Sir Mordaunt was a marshal of the vice admiralty court in Jamaica.

In 1808 he purchased Burnham Westgate Hall, which he built onto. In particular he built a number of farm buildings. A keen agriculturalist, he wrote many letters and articles on the relative benefits of the mangel wurzel as a crop and is documented as the first person to introduce the plant, as well as sainfoin to the county and greatly improved the growth of potatoes and other vegetables.
On his death he left the hall-described by White as "a hand-some mansion, beautified with pleasure grounds and shrubberies, and situated near the church", to his son and heir Roger

A portion of his early life was passed in the army, and he retained to his last moments that high sense of honour which a military-education so frequently instils. He was remarkable for generosity of sentiment, as well as liberality to those that were within reach of his bounty. He was benevolent to all, warmly loyal to his King, and regular in the service of God.
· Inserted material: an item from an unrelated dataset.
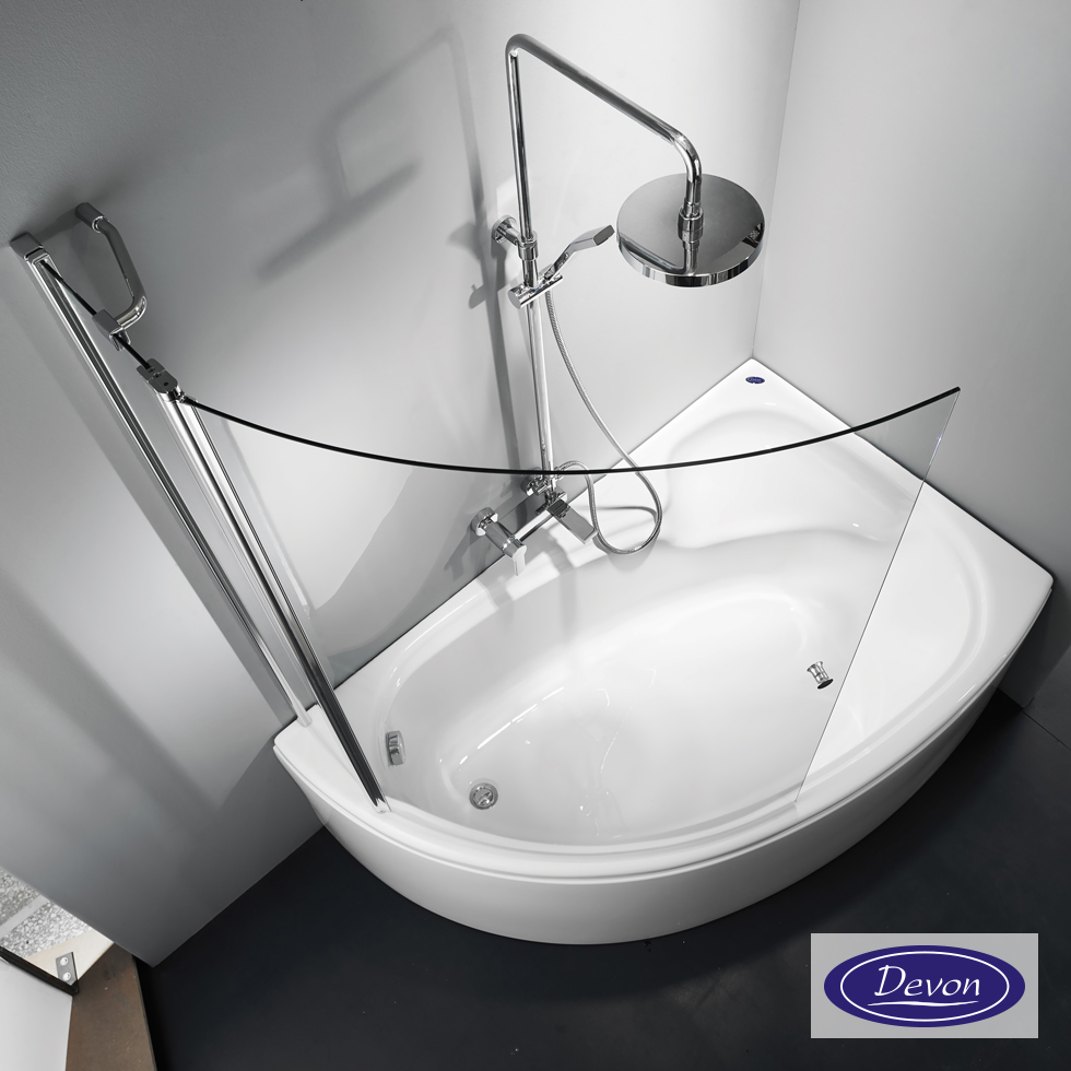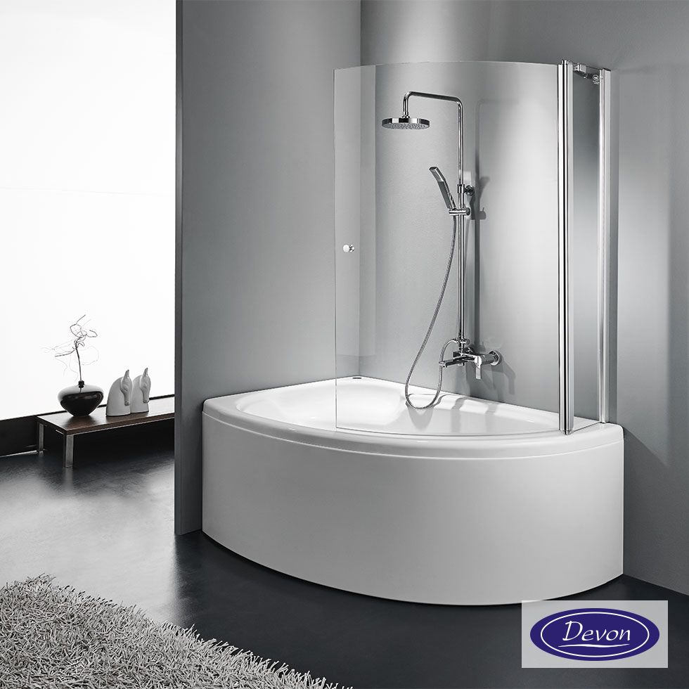 Διαχωριστικό κυρτό δίπτυχο μπανιέρας 120εκ., Devon Primus-Plus Clear

He passed the last 50 years of his life in retirement at Burnham, devoting his time principally to the study and practice of agriculture.
— The Gentleman's Magazine, Obituary; with anecdotes of remarkable persons, 25 September 1815

==Personal life==
On 29 July 1765 Sir Mordaunt married Everilda-Dorothea Smith (1743 – 21 September 1800), daughter of the Reverend William Smith rector of Burnham Market and by her had three sons and seven daughters:
- Sophia Elizbetha Martin (c. 1766 – 18 November 1827), died unmarried.
- Everilda-Dorothea Martin (5 June 1767 – 27 November 1839), married Rev. Thomas Bernard and by him had five sons.
- Mordaunt Martin (February 1769 – 25 November 1769), died an infant.
- Anna-Maria Martin (c. 1770 – 1853), married Rev. John Glasse rector of Burnham.
- Louisa Mary Ann Martin (baptised 20 August 1771) married Captain Isaac Wolley, RN.
- Mordaunt Martin (baptised 29 October 1772 - buried 10 June 1773), died an infant.
- Caroline Martin (1773 – 3 June 1848), married Rev. James Monroe of Monken Hadley in Middlesex and by him had one son.
- Frances Martin (c. 1775 – 27 July 1802), died unmarried.
- Sir Roger Martin, 5th Baronet (22 February 1778 – 15 December 1854), married Mary Ann Clark and was without issue.
- Catherina Martin

Governess to the family's first six daughters from 1775 to 1780 was a very young Jane Arden, the first friend of Mary Wollstonecraft. She later set up a school and published educational works as Jane Gardiner. She named her daughter Everilda, very likely after Lady Martin. Governesses were often isolated and oppressed, but the Martins treated her well – on a return visit, "more as a daughter than as an humble 'gouvernante' ... I am in the very height of enjoyment in this charming family, their society is so refined, so intellectual!"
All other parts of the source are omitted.